6.  Whether or not any existing relationship between the Undersigned and
Borrower has been changed or ended and whether or not this guaranty has been
revoked, Lender may, but shall not be obligated to, enter into transactions
resulting in the creation or continuance of Indebtedness, without any consent or
approval by the Undersigned and without any notice to the Undersigned.  The
liability of the Undersigned shall not be affected or impaired by any of the
following acts or things (which Lender is expressly authorized to do, omit or
suffer from time to time , both before and after revocation of this guaranty,
without notice to or approval by the Undersigned): (i)  any acceptance of
collateral security , guarantors, accommodation parties or sureties for any or
all Indebtedness; (ii) any one or more extensions or renewals of Indebtedness
(whether or not for longer than the original period) or any modification of the
interest rates, maturities or other contractual terms applicable to any
Indebtedness; (iii) any waiver, adjustment, forbearance, compromise or
indulgence granted to Borrower, any delay or lack of diligence in the
enforcement of Indebtedness, or any failure to institute proceedings, file a
claim, give any required notices or otherwise protect any Indebtedness; (iv) any
full or partial release of, settlement with, or agreement not to sue, evidence
of Indebtedness or the acceptance of any instrument in renewal thereof or
substitution therefor; (vi) any failure to obtain collateral security (including
rights of setoff) for Indebtedness, or to see to the proper or sufficient
creation and perfection thereof, or to establish the priority thereof, or to
protect, insure, or enforce any collateral security; or any release,,
modification, substitution, discharge, impairment, deterioration, waste, or loss
of any collateral security; (vii) any foreclosure or enforcement of any
collateral security; (viii) any transfer of any Indebtedness or any evidence
thereof; (ix) any order of application of any payments or credits upon
Indebtedness; (x) any election by the Lender under (S) 1111(b)(2) of the United
States Bankruptcy Code.

7.  The Undersigned waives any an all defenses, claims and discharges of
Borrower, or any other obligor, pertaining to Indebtedness, except the defense
of discharge by payment in full.  Without limiting the generality of the
foregoing, the Undersigned will not assert, plead or enforce against Lender any
defense of waiver, release, statute of limitations, res judicata, statute of
frauds, fraud, incapacity, minority, usury, illegality or unenforceability which
may be available to Borrower or any other person liable in respect of any
Indebtedness, or any setoff available against Lender to Borrower or any such
other person, whether or not on account of a related transaction.  The
Undersigned expressly agrees that the Undersigned shall be and remain liable, to
the fullest extent permitted by applicable law, for any deficiency remaining
after foreclosure of any mortgage or security interest securing Indebtedness,
whether or not the liability of Borrower or any other obligor for such
deficiency is discharged pursuant to statute or judicial decision.  The
undersigned shall remain obligated, to the fullest extent permitted by law, to
pay such amounts as though the Borrower's obligations had not been discharged.

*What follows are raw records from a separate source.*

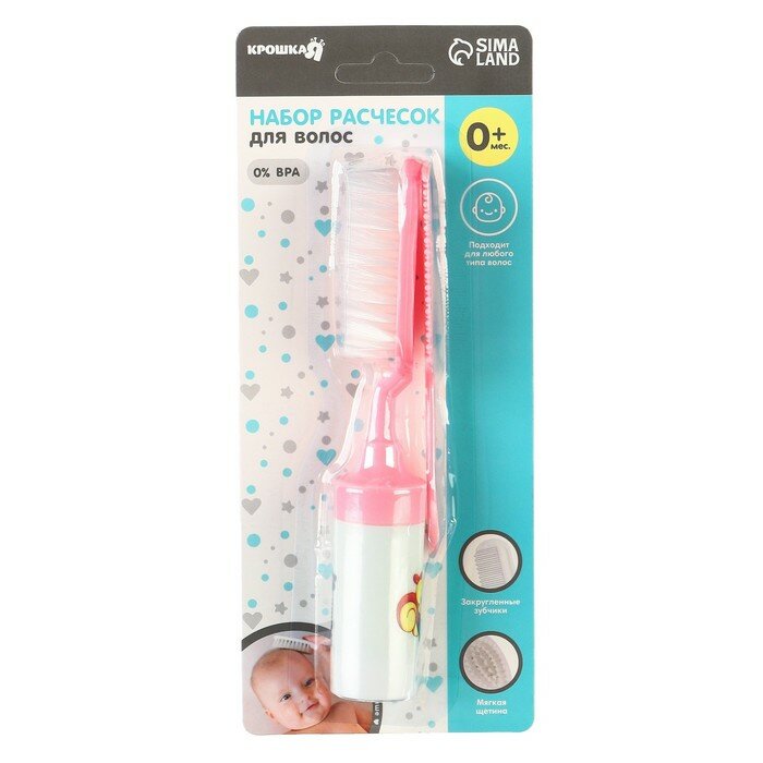 Набор расчесок с погремушкой «Малыш», 2 шт., цвет розовый, рисунок микс интересное:
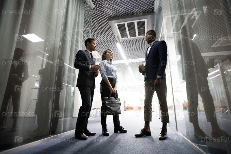 Вдумчивые работники бизнеса пьют кофе в коридоре офиса
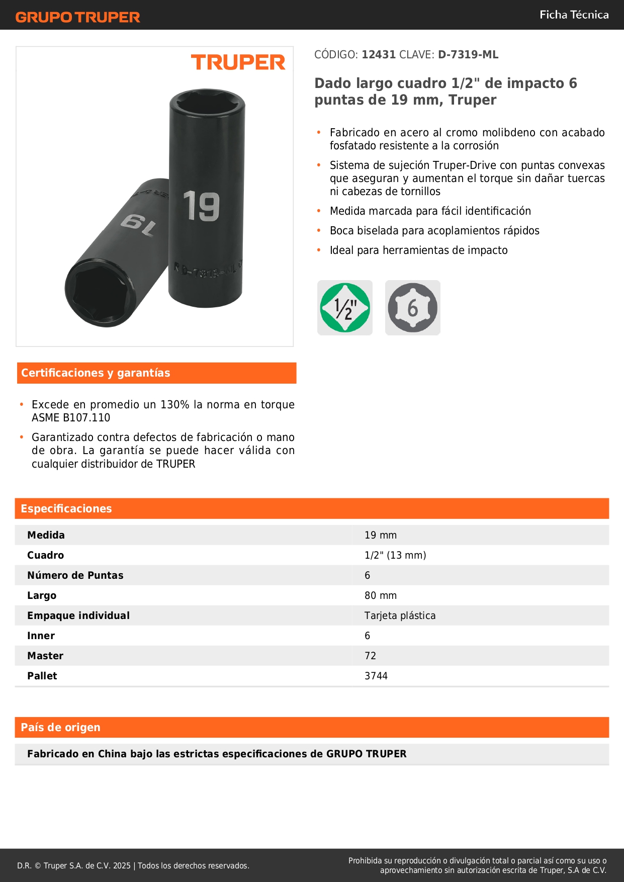 Dado tubular hexagonal encastre 1/2'' de impacto de 19 mm Truper
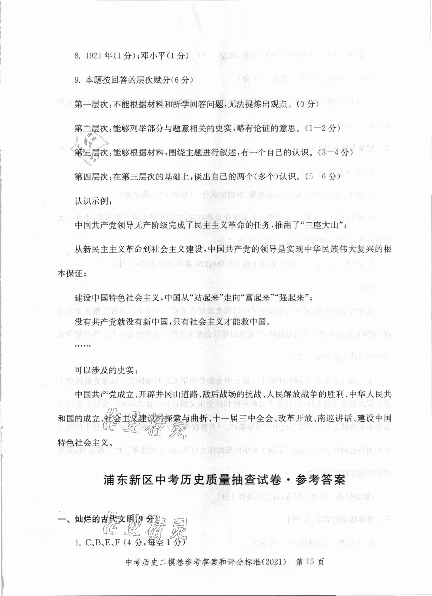 2021年走向成功上海市各区中考考前质量抽查试卷精编历史
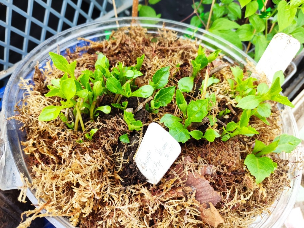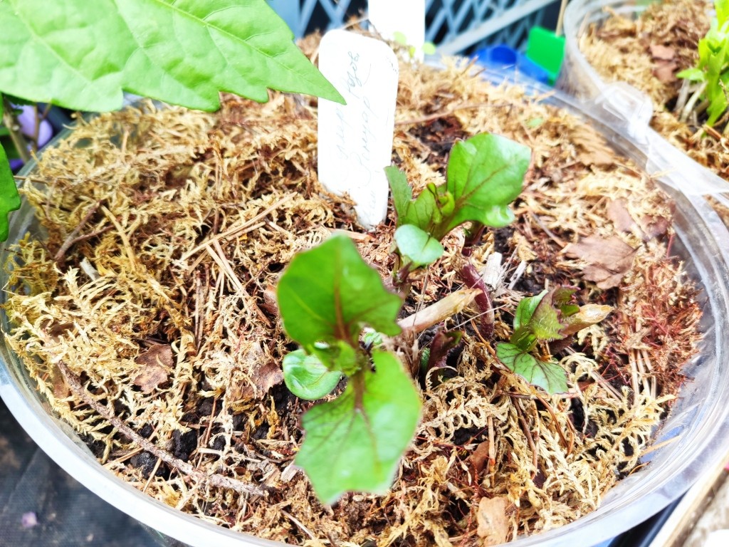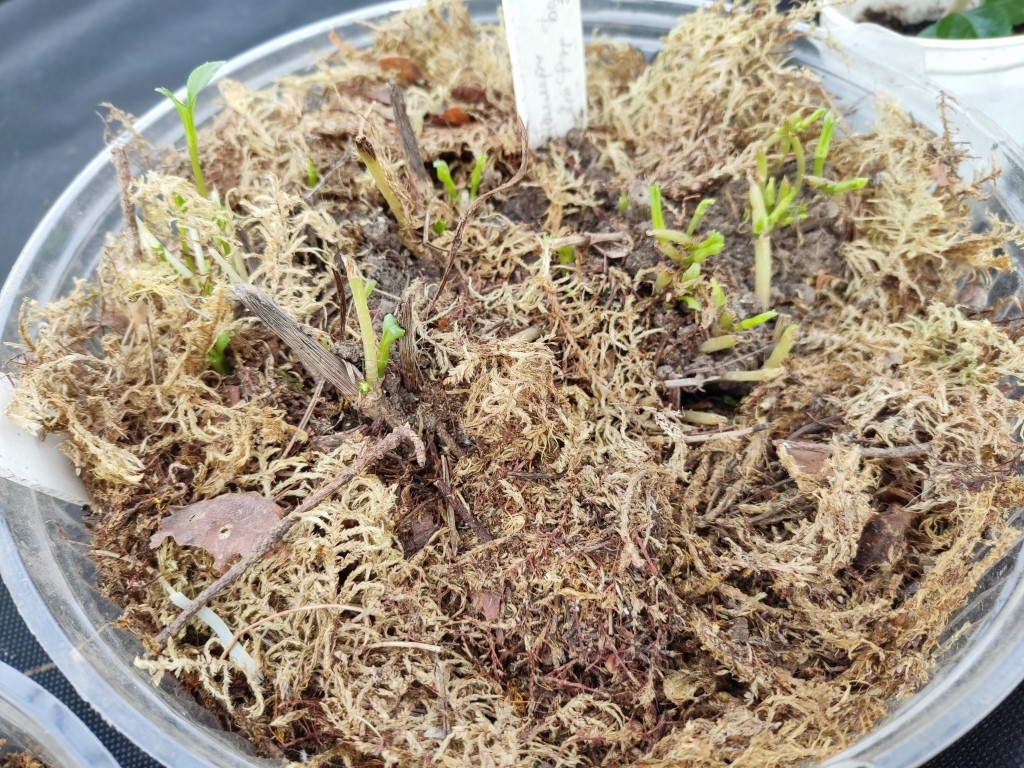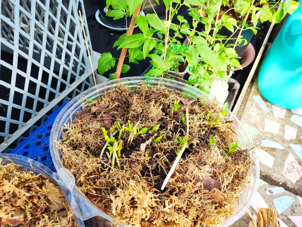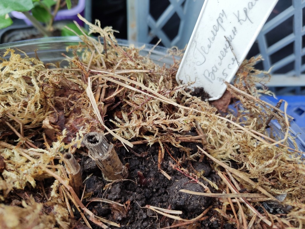 Затем уложила клубни в две коробки из-под тортов. Засыпала землей, полила и закрыла грунт сверху сухим мхом.
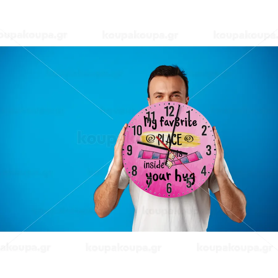 My favorite place is inside your HUG, Ρολόι τοίχου ξύλινο (30cm)
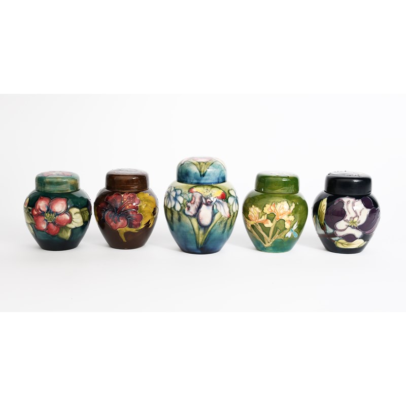 'Springflowers' a Moorcroft Pottery ginger jar and cover, painted with springflowers and Orchids, in colours on a graduated blue and green ground, a Moorcroft ginger jar and cover painted with yellow iris, and three other Moorcroft ginger jar and covers in the 'Hibiscus', Magnolia' and 'clematis' patterns, impressed marks, painted blue signature, 13cm. high, (10)
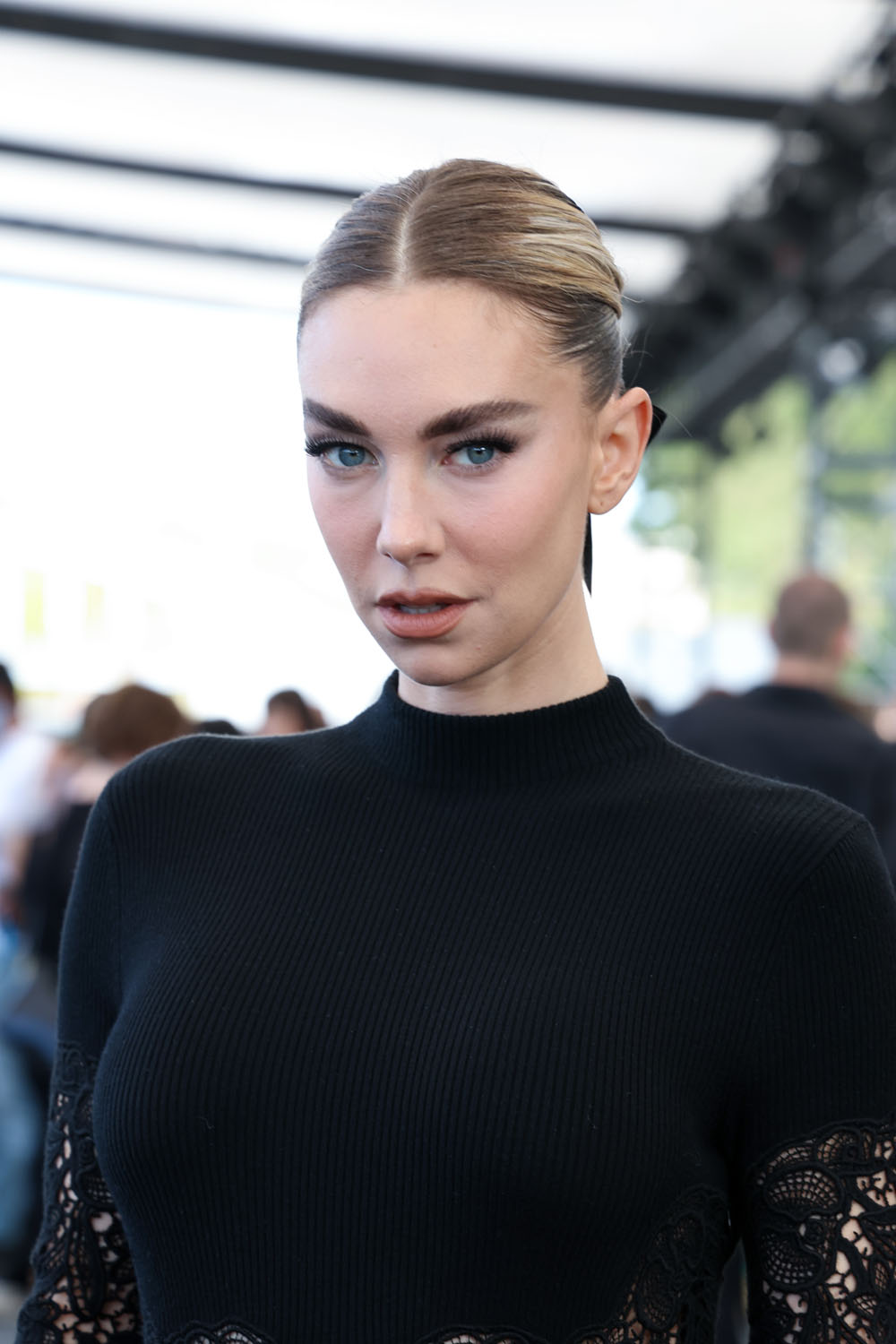 Please also note the black bow in her hair. This is the way to do it that isn’t annoying and twee (Princess Kate). If you want to try, Urban Outfitters has a pretty great selection of hair accessories and a lot of ribbon bows in different sizes. A black bow is easier for Vanessa with her blonde hair because the black pops out way more, but on dark hair a white bow can bring the drama, too, with the right style and outfit.
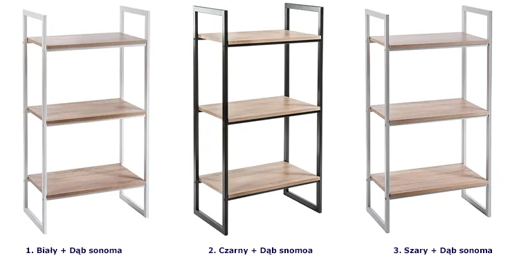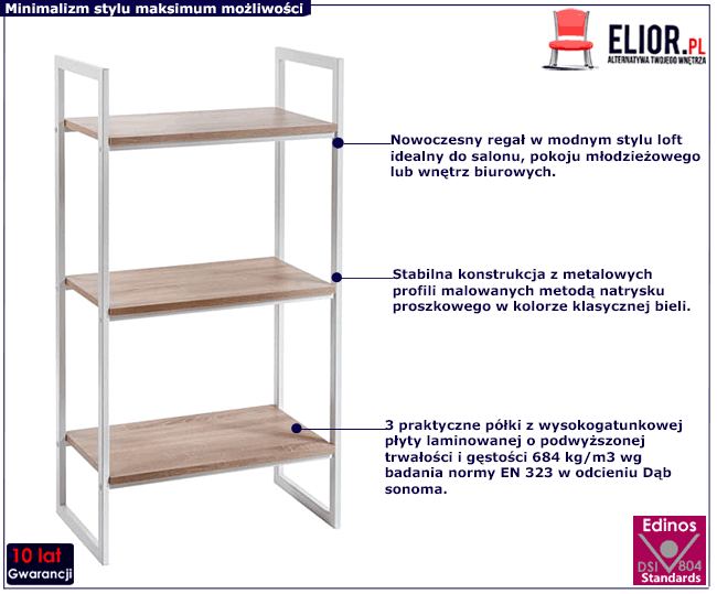 - Modny kolor: biały + dąb sonoma. Kliknij w link i sprawdź także inne regały industrialne w sklepie Edinos.pl. Stwórz swój praktyczny zestaw mebli.

8.  The Undersigned further agrees that the Undersigned shall be and remain
obligated to pay Indebtedness even though any other person obligated to pay
Indebtedness, including Borrower, has such obligation discharged in bankruptcy
or otherwise discharged by law.  "Indebtedness" shall include post-bankruptcy
petition interest and attorneys' fees and any other amounts which Borrower is
discharged from paying or which do not otherwise accrue to Indebtedness due to
Borrower's discharge, and the Undersigned shall remain obligated to pay such
amounts as though Borrower's obligations had not been discharged.

9.  If any payment applied by Lender to Indebtedness is thereafter set aside,
recovered, rescinded or require to re returned for any reason (including,
without limitation, the bankruptcy, insolvency or reorganization of Borrower or
any other obligor), the Indebtedness to which such payment was applied shall for
the purposes of this guaranty be deemed to have continued in existence,
notwithstanding such application, and this guaranty shall be enforceable as to
such Indebtedness as fully as if such application had never been made.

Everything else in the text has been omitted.